Книга Наследство Карны - Хербьерг Вассму
Шрифт:
Интервал:
Закладка:
Если там будет много народу и он не сможет протиснуться внутрь, он постоит в дверях. Но ему не хочется лишать себя удовольствия послушать, как будут музицировать фру Дина и докторша.
И не потому, что он возомнил, будто понимает музыку, а потому, что сделал двери, сослужившие службу, ради которой и были сделаны, — через них в гостиницу внесли рояль, прибывший из Гамбурга!

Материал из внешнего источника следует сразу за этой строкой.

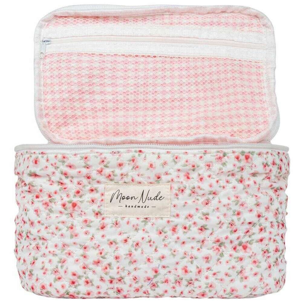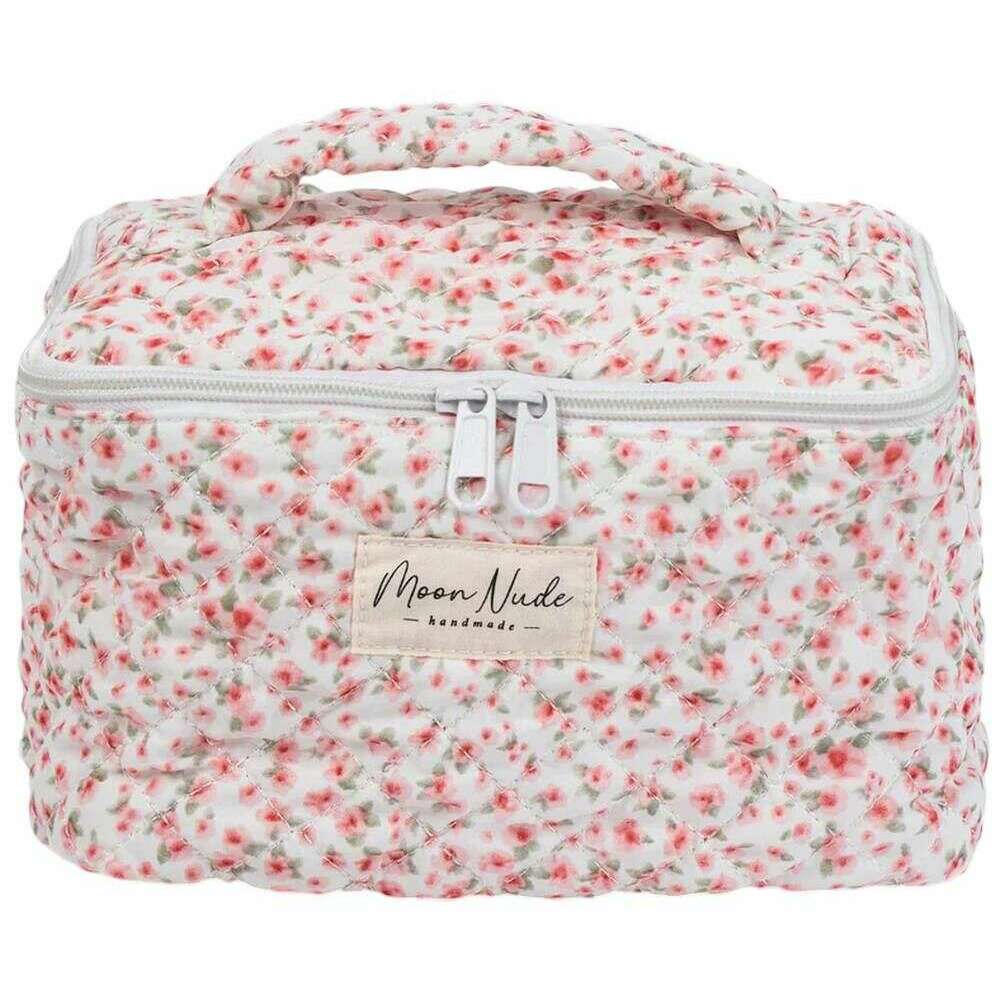 Manufactured from 100% cotton is this white/red/green/pink women's peony vanity bag by the designer Moon Nude. It measures 16cm(height) x 22cm(width) x 14cm(depth). It is recommended to wash by hand in cold water with a mild detergent, or maching wash inside out on a delicate cycle. to keep this bag in good condition. All the bags come complete with moon nude packaging. The Moon Nude Peony Vanity Bag - White/Red/Green/Pink is an absolute necessity for travelling or everyday use. This vanity bag is guaranteed to keep all your makeup or skin care in one place, whilst also being stylish and fashionable with its handmade quilted design.

Оказалось, что внести рояль в дом было еще недостаточно. Теперь его следовало настроить. Поэтому концерт отложили до тех пор, пока из Трондхейма не приедет настройщик.
Вдова бывшего владельца гостиницы, сестра пекаря, считала, что фру Дина только по лености отказалась сама настроить свой рояль. Хотела похвастаться перед всеми, что готова оплатить многодневную поездку настройщика, чтобы он сделал работу, которую сделать так же просто, как вязать крючком. Вот оно, высокомерие!
Жена хозяина извозной станции тут же внесла свою лепту, рассказав, что Грёнэльвы и в Рейнснес в свое время приглашали настройщика из Трондхейма. Правда, кое-кто в этом усомнился. В те дни рассказы о величии Рейнснеса выглядели смешно. Как сказки и преувеличения. Во всяком случае, былое величие не помогло Рейнснесу, особенно теперь, после смерти Андерса и отъезда в Америку Фомы и Стине. Кажется, это было в семьдесят девятом? В тот год, когда закончили строить верфь?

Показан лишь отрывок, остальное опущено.